Christ the King
The royalty of Christ is difficult to explain, to our republican society. He is to be grasped, to start, in the creation of the universe; mere kingship seems rather to demean Him. Yet it isn’t meant to do so, instead to make his claim on our loyalty explicitly greater than that of any earthly power, or prince. We celebrate His Dominion, beyond his personal authority. (Kings were once more than political officers; their lives ran conspicuously above the lives of their nations.) Martyrs have so often gone to death, declaring this kingship. It announces something above mere citizenship.
Whether in church, or outside it, we have for several reasons come to ignore this festival. This year, with All Saints on a Monday, reverence for Christ the King may seem to appear inconveniently in the Calendar. It is the same night as Hallowe’en. (The Novus Ordo had moved it away.)
Hallowe’en, in its crassness, and commercialism, makes the same appeal as Saint Valentine’s Day — to be retired or cancelled from common observation. Both are only tangentially Christian, but in our time, even Christmas and Easter come to be acknowledged as crass, commercial affairs. We cannot save them without restoring a world that was capable of religious sincerity.

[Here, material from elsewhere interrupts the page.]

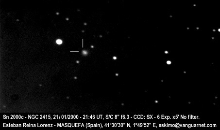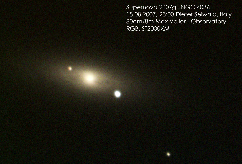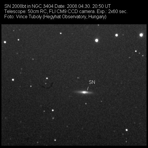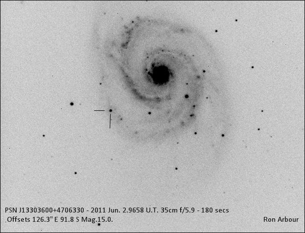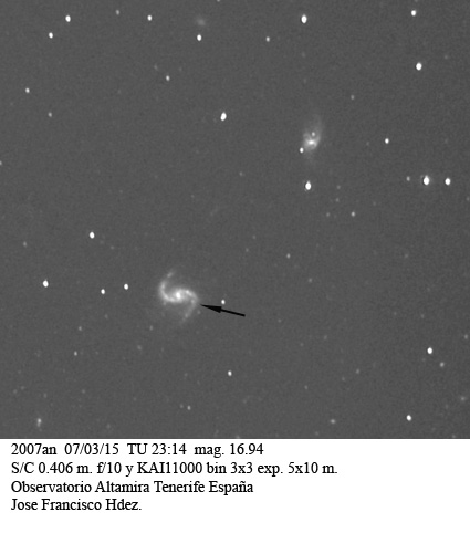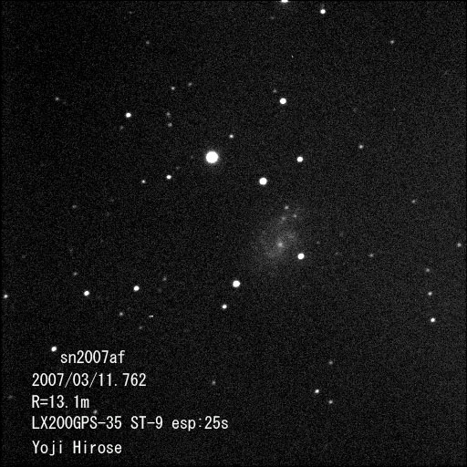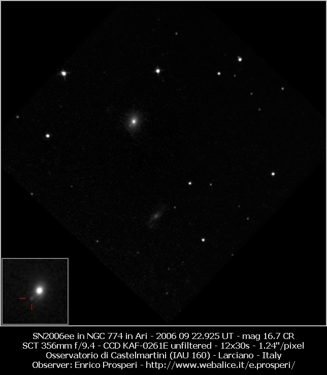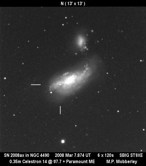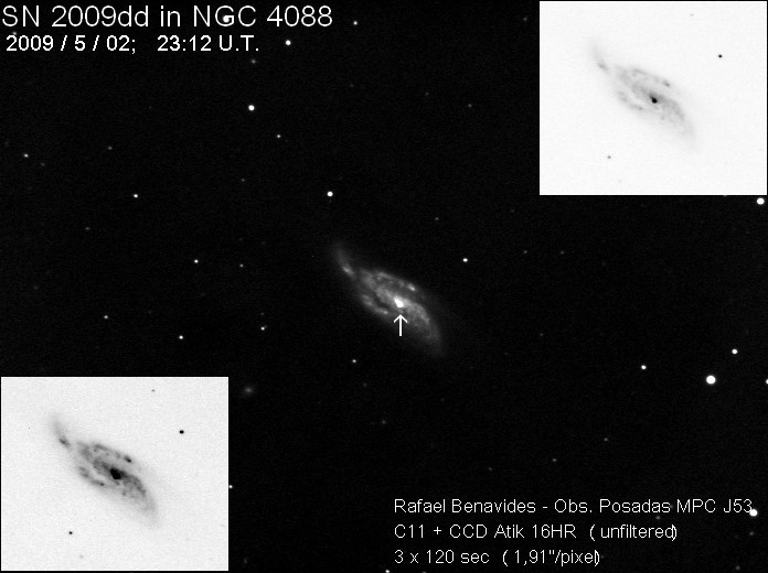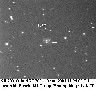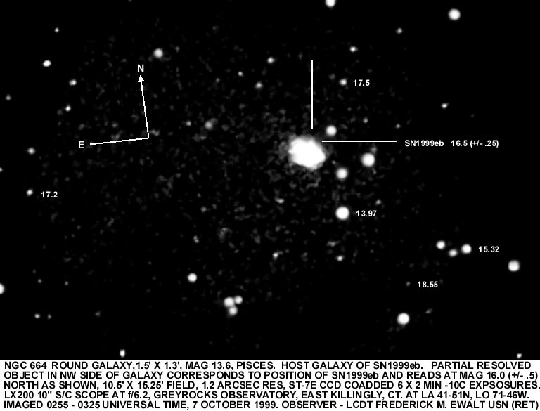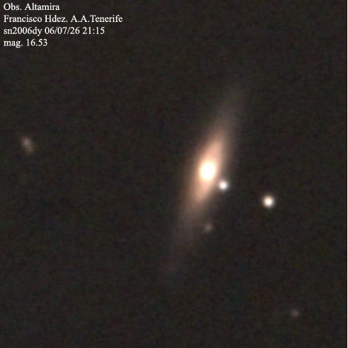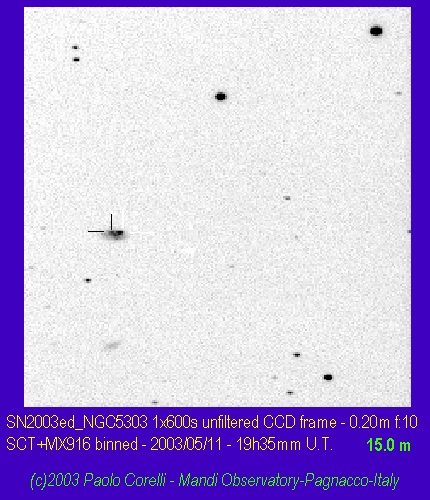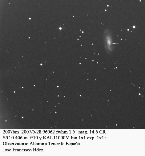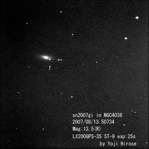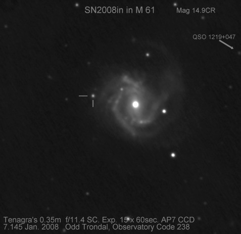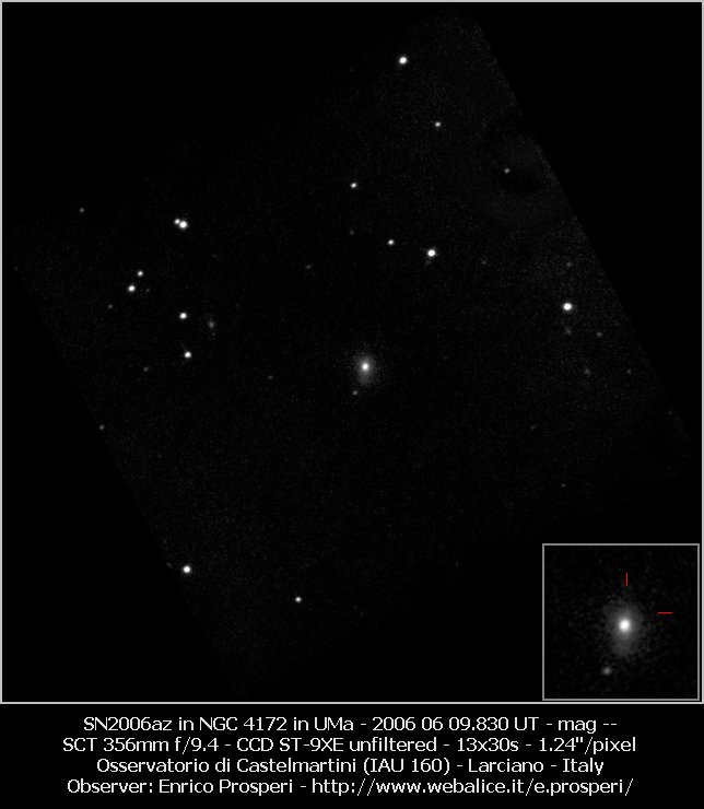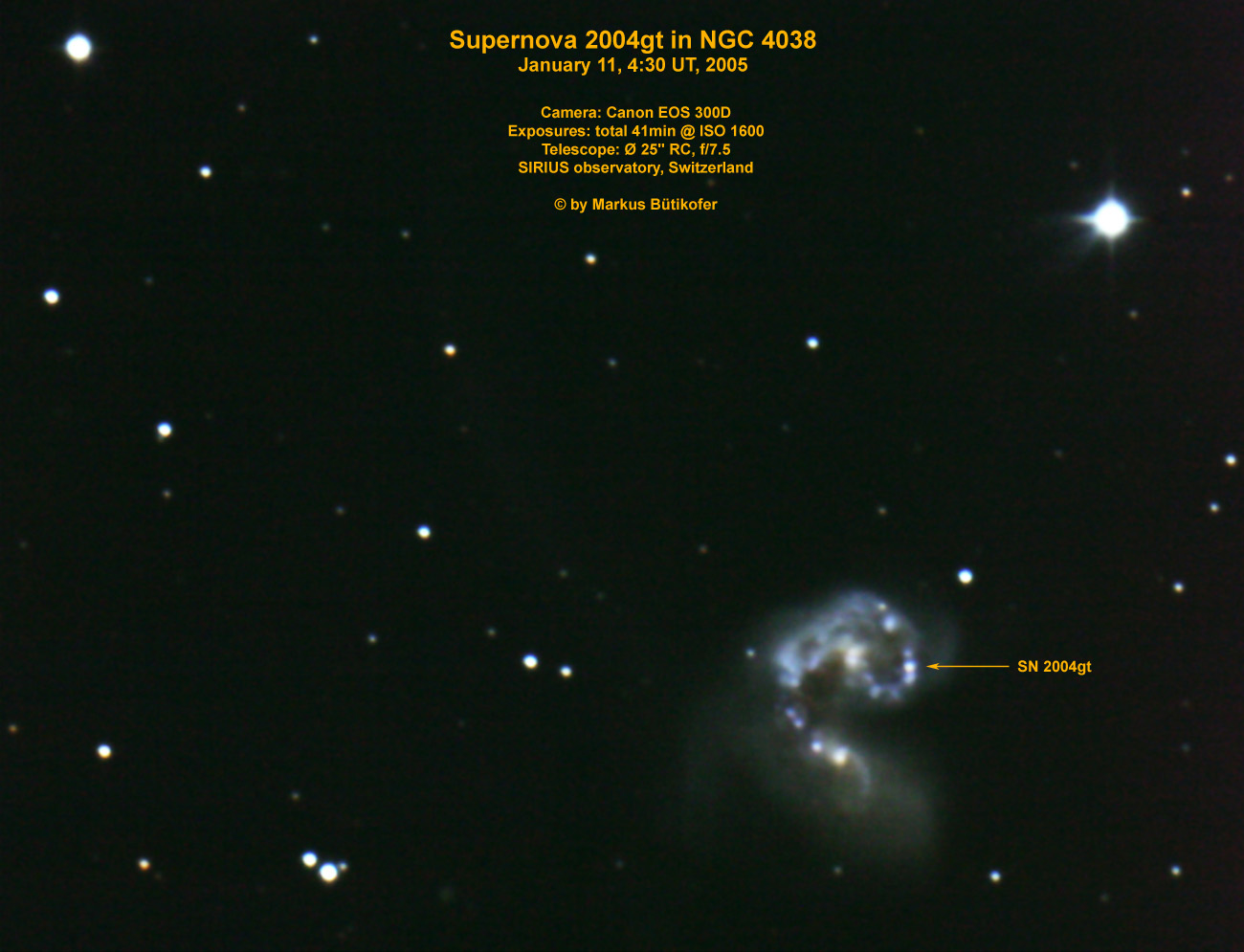On this web page you will find a list of all the images that have been e-mailed to me for the Bright Supernovae webpages. If an image already exist on a web site, I will usually just create a link to it. However for people who do not have web sites I will accept images which I will then publish on my pages (which I sometimes crop). It should be noted that these images were given to me for use on the web page with the understanding that the copyright remains with the person who originally took them. My thanks to all of the people who donated images. For a list of the best SN images I have found out on the net, please check my Best SN images on the net page.

My younger son is “Down syndrome,” which means he is a member of a tribe that is now usually murdered in the womb. Yet also, surprisingly, a tribe which by its nature, is understood to be innocent and kindly. This year, through my various “ischemic events,” I have perhaps had a small, partial experience of how my son finds the world; a new understanding of how plainly he assimilated Christ from our conversations; of the horror with which he learnt of the Crucifixion; but too, the incomprehensible simplicity of the Everlasting Life. He has, or course, a genius for understanding things that my cleverness would put beyond me.
The typewriter keyboard, for instance, is something I find myself almost learning again, yet it doesn’t amount to much.
With luck, my brain is as neuroplastic as others have been discovered to be, and I look forward to having the use of it back, in due season. For Christ is King, and what can be taken away from us? Except by Him who is the source of all gifts?